20% Programming assignment on Fundaments of RL
20% Programming assignment on Deep RL
25% Midterm Exam on Fundamentals of RL and Deep RL
35% Written report/paper/project on a topic covered in one or more paper from the reading list (can be done alone or in pairs, research based students are encouraged to work alone on this)
- 10% Presentation of a paper from the required reading list that will be used in their project. Leading discussion with class about the paper. If working in pairs, both partners must present and discuss for roughly equal amounts of time.
- 10% Related to at least one paper from the Reading List:
  - Coding: Implement and test the algorithm in use in that paper, or use some of it’s concepts to modify some other existing RL algorithm.
  - Theory: Make some theoretical analysis, proof, or claim using one, or more, of the required papers.
  - Could also challenge/examine the paper’s experiments, or combine of elements from multiple papers and carry out your own experiments.
- 15% Written report on what you did, summarizing the related paper(s), and explaining the work you did extending it, implementing it, combining it with another paper, or confirming it. The paper must be written in the style of a Machine Learning conference paper. A LaTeX template will be given.

Exam Reference Notes

Note that the midterm exam and final exam will be entirely on paper in person, so any reliance you have on GenAI tools will not be available to you for the bulk of the course grades. For the midterm exam you will be permitted to bring in a couple pages of handwritten reference notes (a.k.a. “cheat sheets). These must be submitted with your exam and will returned afterwards if requested.

For more information also see the UWaterloo Policy Page on Generative AI.

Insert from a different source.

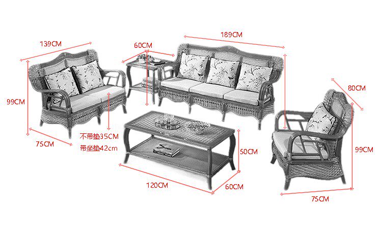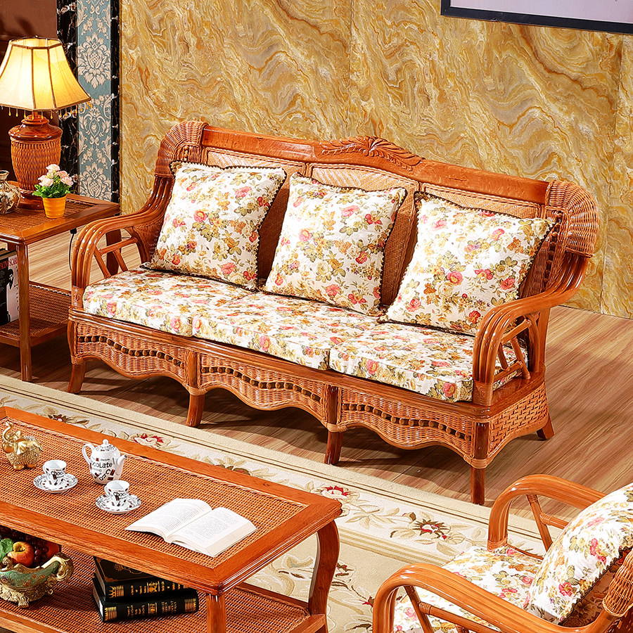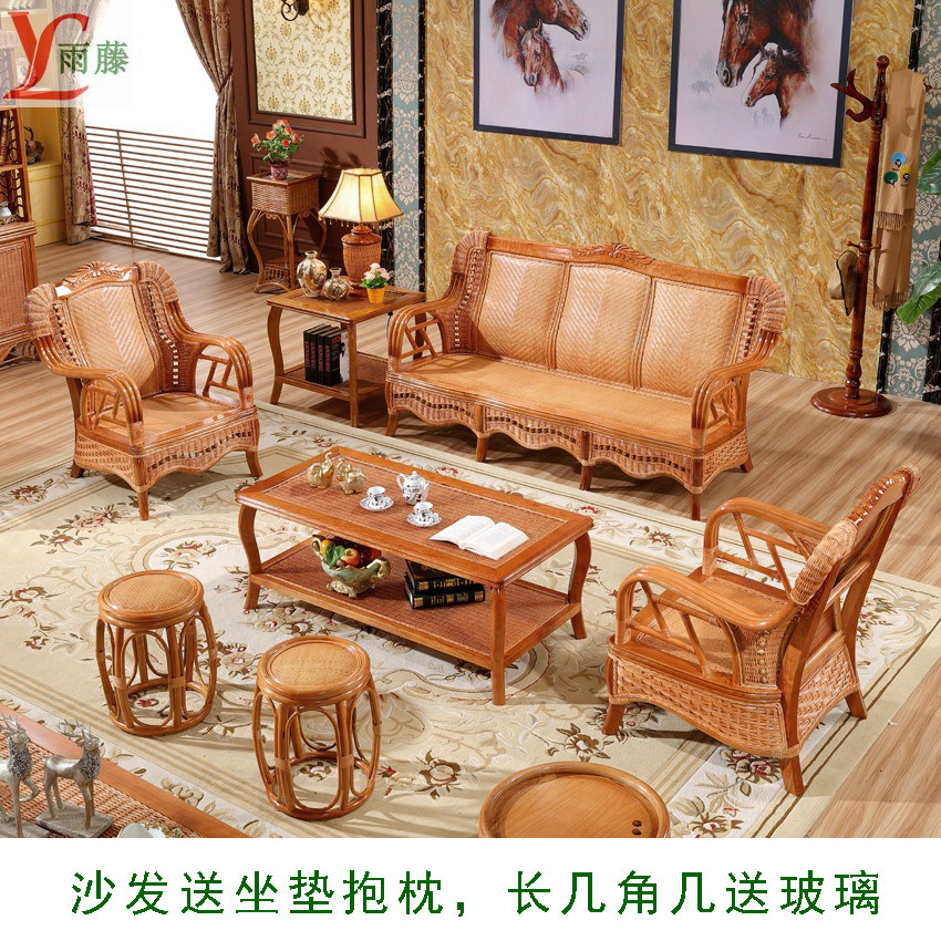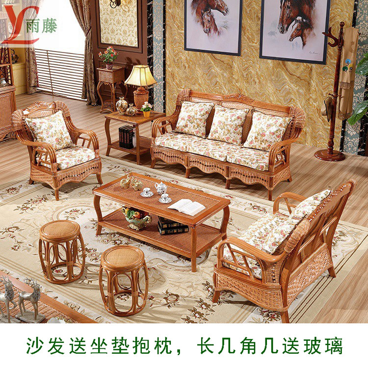 Real rattan wood sofa rattan chair five-piece set chaise longue living room combination rattan weaving art two or three persons sofa bed furniture

Course Communication Processes

LEARN : Announcements will be sent out on LEARN, so you should set up your email notifications to forward any course announcements so you find out about them. All course lecture content, assignment materials, and grades will be hosted on LEARN as well.
Microsoft Teams: We will also use Microsoft Teams for communication and discussion. Announcements about the course will be posted there in a main channel. There will be a setup for paper discussion and each student presentation and report should be posted there for others to read as well.
We will try to use Teams for answering of questions on course material, but if it becomes too unwieldy let me know, we could use a more traditional discussion platform such as Piazza. However, since we have no Teaching Assistants for this course, I might not be as responsive to questions on Piazza as Teams.